* WORK TO COMPLETE
Give back exactly the lines that start at the one containing "森に囲まれた畑で、季節の花や草木を自分の手で摘み取ります。" and run to the end of the material, leaving out the pictures.
Top of SUPPLIED INFORMATION
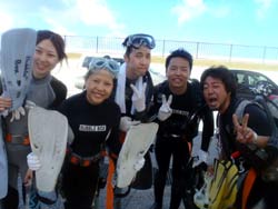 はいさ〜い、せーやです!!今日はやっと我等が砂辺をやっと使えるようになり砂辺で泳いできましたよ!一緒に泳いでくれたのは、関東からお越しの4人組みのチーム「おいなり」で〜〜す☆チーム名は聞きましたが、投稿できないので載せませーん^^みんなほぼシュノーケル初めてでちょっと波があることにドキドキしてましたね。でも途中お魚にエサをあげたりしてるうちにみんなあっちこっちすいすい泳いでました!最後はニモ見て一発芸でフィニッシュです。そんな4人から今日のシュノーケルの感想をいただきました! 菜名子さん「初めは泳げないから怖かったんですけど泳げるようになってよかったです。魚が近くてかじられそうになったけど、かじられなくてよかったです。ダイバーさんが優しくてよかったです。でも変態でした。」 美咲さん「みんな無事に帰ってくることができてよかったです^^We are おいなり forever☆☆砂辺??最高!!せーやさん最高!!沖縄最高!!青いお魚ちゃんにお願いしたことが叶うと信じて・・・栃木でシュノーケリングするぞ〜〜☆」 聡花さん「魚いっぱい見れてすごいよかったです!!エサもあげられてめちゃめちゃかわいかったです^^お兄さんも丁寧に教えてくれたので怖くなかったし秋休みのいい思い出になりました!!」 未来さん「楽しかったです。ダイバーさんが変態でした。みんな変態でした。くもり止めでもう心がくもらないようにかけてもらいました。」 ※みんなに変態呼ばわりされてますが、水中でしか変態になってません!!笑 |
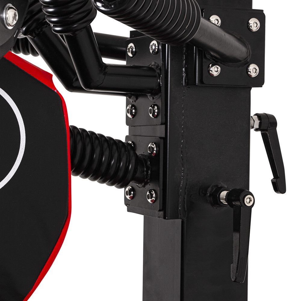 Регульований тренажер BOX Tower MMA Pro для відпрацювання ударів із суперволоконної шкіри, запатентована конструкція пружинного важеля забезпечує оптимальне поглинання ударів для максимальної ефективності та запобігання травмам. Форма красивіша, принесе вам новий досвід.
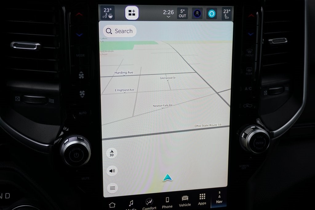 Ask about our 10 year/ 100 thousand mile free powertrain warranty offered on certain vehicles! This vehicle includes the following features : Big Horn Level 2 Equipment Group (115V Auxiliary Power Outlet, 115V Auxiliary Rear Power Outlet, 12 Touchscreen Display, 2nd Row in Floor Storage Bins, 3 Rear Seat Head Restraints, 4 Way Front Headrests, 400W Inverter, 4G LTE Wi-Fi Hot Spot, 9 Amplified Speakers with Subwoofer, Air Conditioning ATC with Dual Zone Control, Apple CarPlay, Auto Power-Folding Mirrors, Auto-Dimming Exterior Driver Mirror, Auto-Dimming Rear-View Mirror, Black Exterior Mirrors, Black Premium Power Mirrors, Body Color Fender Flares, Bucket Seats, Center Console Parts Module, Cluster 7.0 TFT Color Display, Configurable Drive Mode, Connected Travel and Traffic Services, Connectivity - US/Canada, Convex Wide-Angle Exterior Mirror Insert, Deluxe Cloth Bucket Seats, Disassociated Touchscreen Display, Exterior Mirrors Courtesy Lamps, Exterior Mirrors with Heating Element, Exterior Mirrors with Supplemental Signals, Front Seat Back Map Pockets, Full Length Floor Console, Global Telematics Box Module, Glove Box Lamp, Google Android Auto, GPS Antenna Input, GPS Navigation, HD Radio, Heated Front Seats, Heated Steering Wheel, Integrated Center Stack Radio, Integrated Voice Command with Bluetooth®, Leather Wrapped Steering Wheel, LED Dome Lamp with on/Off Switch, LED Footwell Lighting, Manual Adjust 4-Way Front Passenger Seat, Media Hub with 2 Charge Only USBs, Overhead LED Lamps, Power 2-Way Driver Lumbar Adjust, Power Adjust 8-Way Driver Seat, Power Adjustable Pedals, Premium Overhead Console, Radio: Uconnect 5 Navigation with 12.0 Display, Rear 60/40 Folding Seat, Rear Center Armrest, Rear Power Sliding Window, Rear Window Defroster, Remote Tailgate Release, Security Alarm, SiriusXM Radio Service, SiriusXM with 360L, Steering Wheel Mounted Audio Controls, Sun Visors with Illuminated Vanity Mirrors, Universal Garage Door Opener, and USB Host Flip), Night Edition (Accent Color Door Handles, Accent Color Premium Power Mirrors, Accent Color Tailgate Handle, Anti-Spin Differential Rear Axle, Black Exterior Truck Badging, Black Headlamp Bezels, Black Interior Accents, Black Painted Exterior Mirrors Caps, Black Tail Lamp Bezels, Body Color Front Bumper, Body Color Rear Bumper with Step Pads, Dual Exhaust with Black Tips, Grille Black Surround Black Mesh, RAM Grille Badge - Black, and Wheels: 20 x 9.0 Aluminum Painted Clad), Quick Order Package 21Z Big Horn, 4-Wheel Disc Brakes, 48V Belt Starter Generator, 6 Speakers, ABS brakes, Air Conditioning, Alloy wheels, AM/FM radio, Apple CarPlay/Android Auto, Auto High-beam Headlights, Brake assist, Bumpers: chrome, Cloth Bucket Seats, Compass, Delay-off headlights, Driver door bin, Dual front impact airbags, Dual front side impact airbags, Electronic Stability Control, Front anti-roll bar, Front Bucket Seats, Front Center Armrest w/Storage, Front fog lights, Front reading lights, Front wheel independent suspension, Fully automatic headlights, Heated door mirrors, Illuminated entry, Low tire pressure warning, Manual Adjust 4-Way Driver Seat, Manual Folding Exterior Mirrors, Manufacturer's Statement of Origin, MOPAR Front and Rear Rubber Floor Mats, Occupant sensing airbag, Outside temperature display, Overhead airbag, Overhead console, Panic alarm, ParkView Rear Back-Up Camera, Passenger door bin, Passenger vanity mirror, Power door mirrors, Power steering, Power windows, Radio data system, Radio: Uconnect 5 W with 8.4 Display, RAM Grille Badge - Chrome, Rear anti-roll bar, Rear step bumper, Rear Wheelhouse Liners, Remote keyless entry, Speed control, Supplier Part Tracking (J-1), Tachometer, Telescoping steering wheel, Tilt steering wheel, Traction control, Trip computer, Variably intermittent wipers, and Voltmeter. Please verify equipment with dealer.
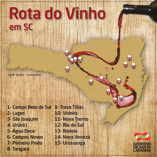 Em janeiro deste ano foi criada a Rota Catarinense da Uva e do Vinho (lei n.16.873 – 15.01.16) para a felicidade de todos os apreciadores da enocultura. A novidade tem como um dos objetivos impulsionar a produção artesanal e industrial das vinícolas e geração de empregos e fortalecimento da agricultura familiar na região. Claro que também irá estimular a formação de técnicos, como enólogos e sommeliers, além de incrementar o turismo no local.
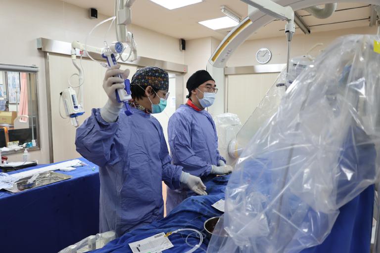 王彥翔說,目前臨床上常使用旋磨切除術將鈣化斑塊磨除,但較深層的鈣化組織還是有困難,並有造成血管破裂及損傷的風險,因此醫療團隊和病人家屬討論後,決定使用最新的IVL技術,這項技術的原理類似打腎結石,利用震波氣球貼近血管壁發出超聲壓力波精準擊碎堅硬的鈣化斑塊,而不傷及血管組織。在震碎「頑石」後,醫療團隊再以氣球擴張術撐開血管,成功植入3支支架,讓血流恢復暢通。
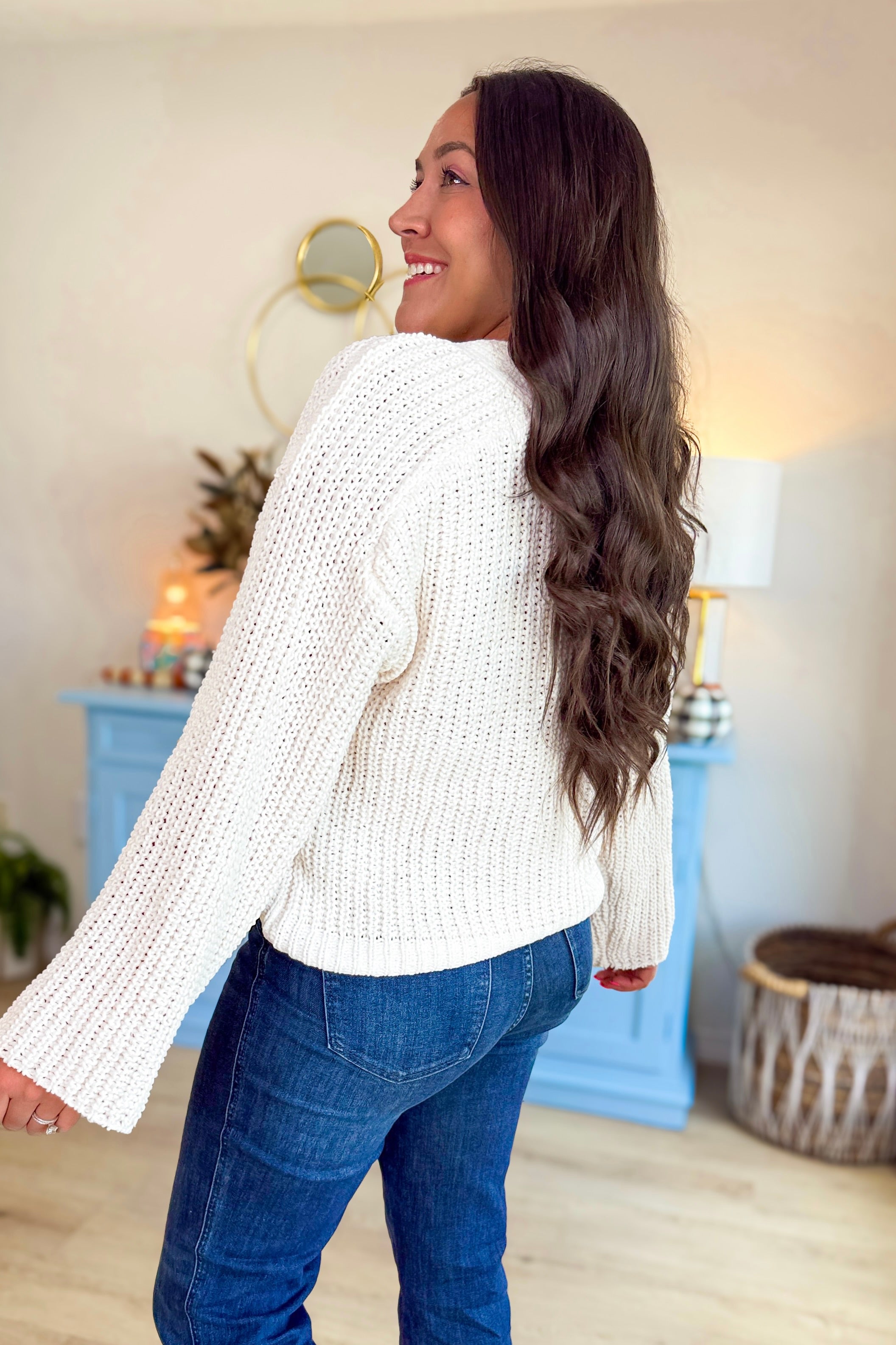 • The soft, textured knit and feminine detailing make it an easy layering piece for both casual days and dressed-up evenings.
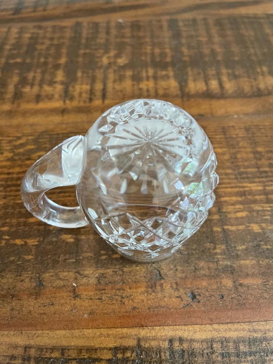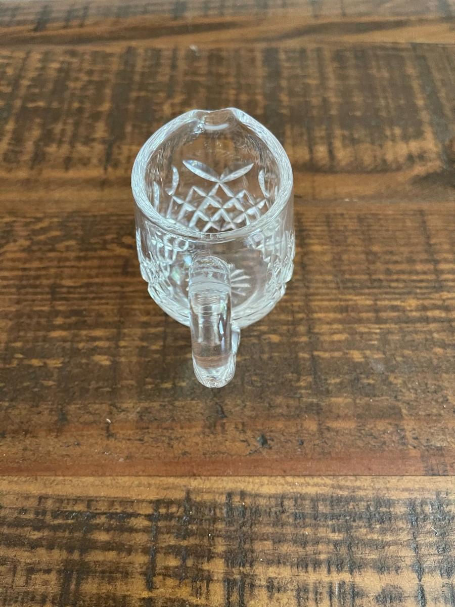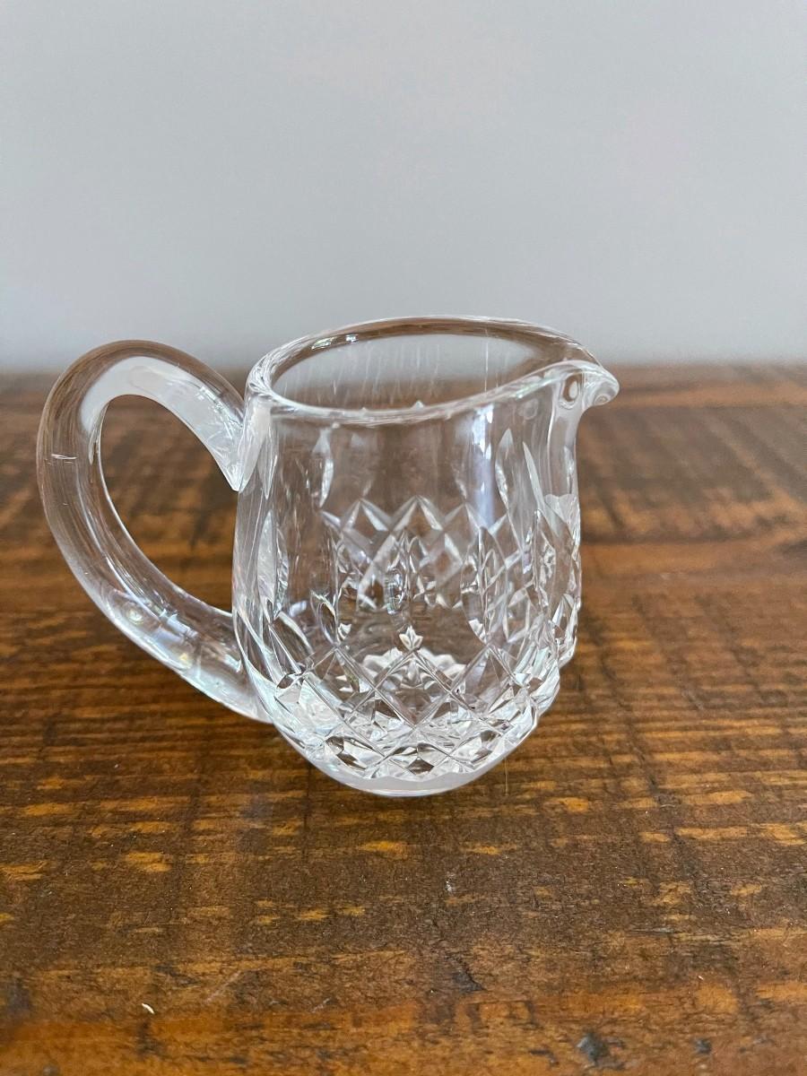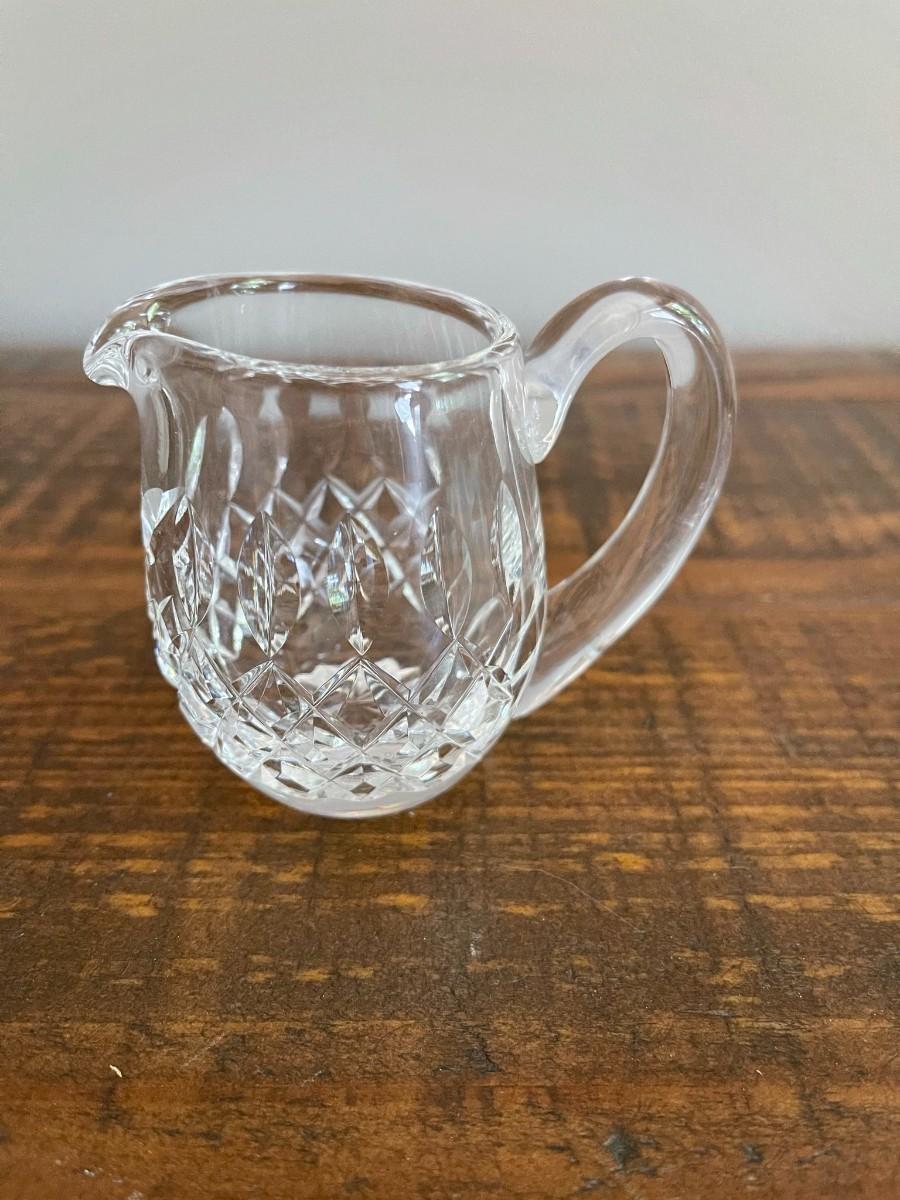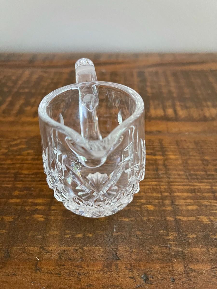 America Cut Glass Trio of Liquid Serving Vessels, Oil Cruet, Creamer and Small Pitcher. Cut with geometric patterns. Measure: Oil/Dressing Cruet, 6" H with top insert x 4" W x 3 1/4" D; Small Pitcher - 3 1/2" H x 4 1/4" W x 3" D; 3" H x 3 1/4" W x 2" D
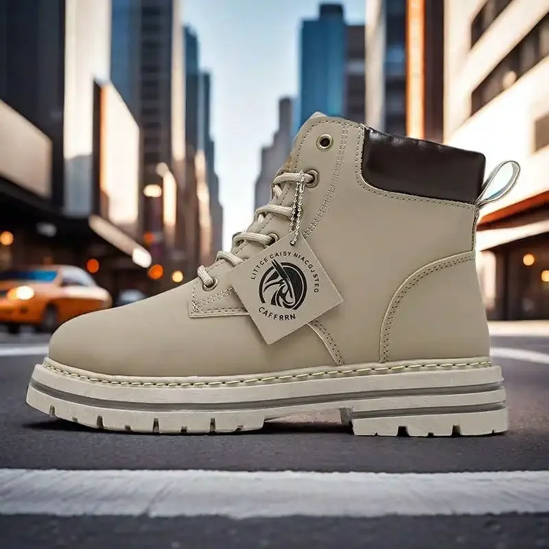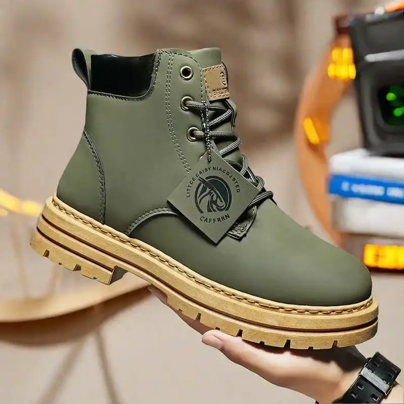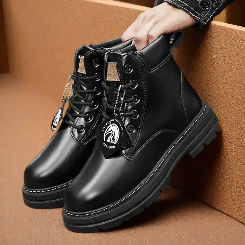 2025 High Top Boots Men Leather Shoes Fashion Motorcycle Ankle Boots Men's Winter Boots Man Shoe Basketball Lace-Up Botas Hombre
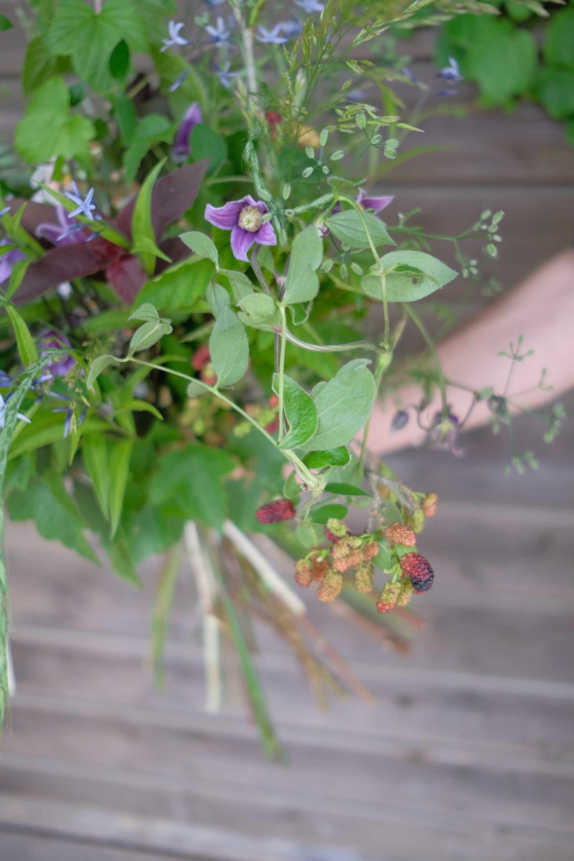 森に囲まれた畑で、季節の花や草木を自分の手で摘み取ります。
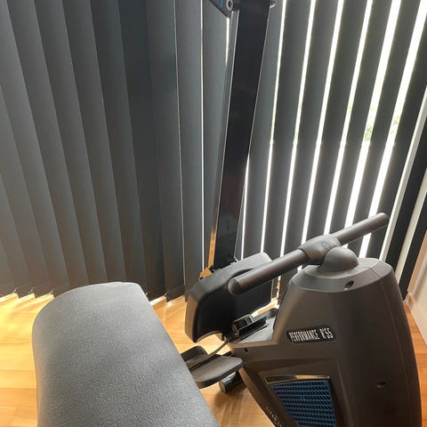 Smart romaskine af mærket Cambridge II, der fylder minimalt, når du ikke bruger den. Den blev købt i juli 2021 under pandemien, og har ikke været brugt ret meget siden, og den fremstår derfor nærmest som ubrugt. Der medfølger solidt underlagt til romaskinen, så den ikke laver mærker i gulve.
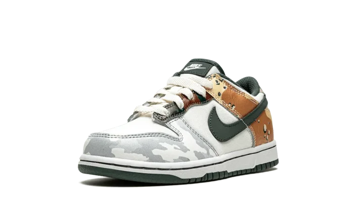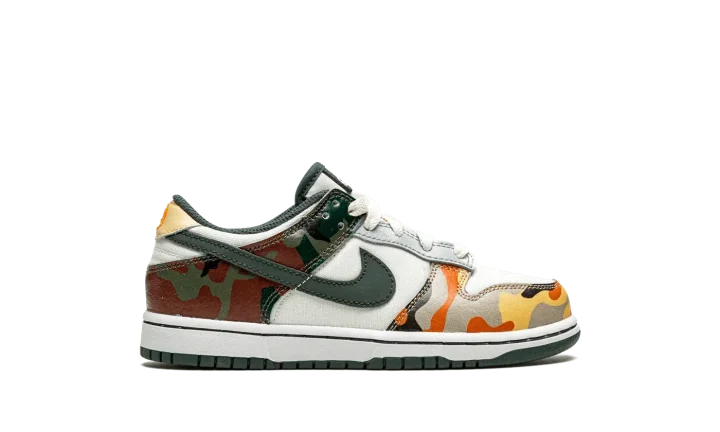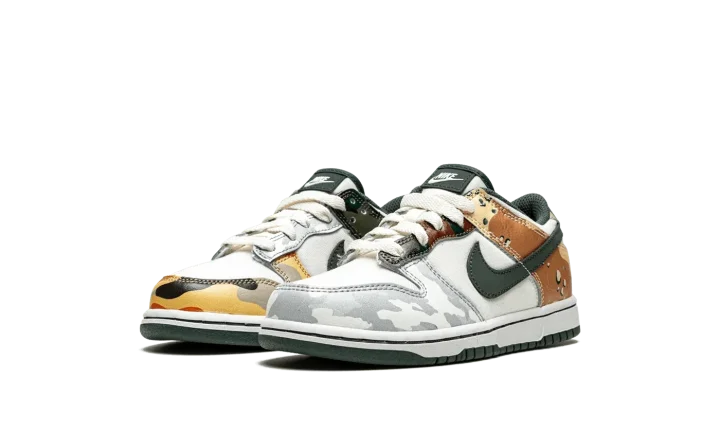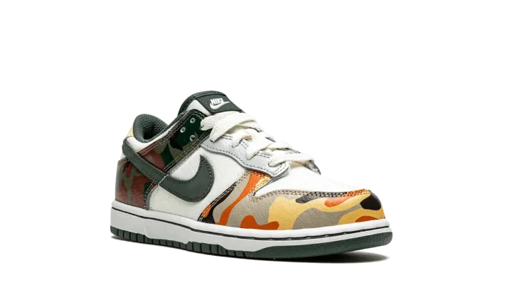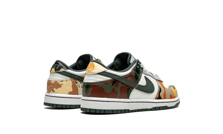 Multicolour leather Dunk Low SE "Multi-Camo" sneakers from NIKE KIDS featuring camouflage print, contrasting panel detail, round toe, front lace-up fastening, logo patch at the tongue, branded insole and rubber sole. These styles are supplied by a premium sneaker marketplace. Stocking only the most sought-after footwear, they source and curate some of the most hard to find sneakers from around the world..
Bottom of SUPPLIED INFORMATION
* FINISHED EXERCISE
 森に囲まれた畑で、季節の花や草木を自分の手で摘み取ります。
 Smart romaskine af mærket Cambridge II, der fylder minimalt, når du ikke bruger den. Den blev købt i juli 2021 under pandemien, og har ikke været brugt ret meget siden, og den fremstår derfor nærmest som ubrugt. Der medfølger solidt underlagt til romaskinen, så den ikke laver mærker i gulve.
 Multicolour leather Dunk Low SE "Multi-Camo" sneakers from NIKE KIDS featuring camouflage print, contrasting panel detail, round toe, front lace-up fastening, logo patch at the tongue, branded insole and rubber sole. These styles are supplied by a premium sneaker marketplace. Stocking only the most sought-after footwear, they source and curate some of the most hard to find sneakers from around the world..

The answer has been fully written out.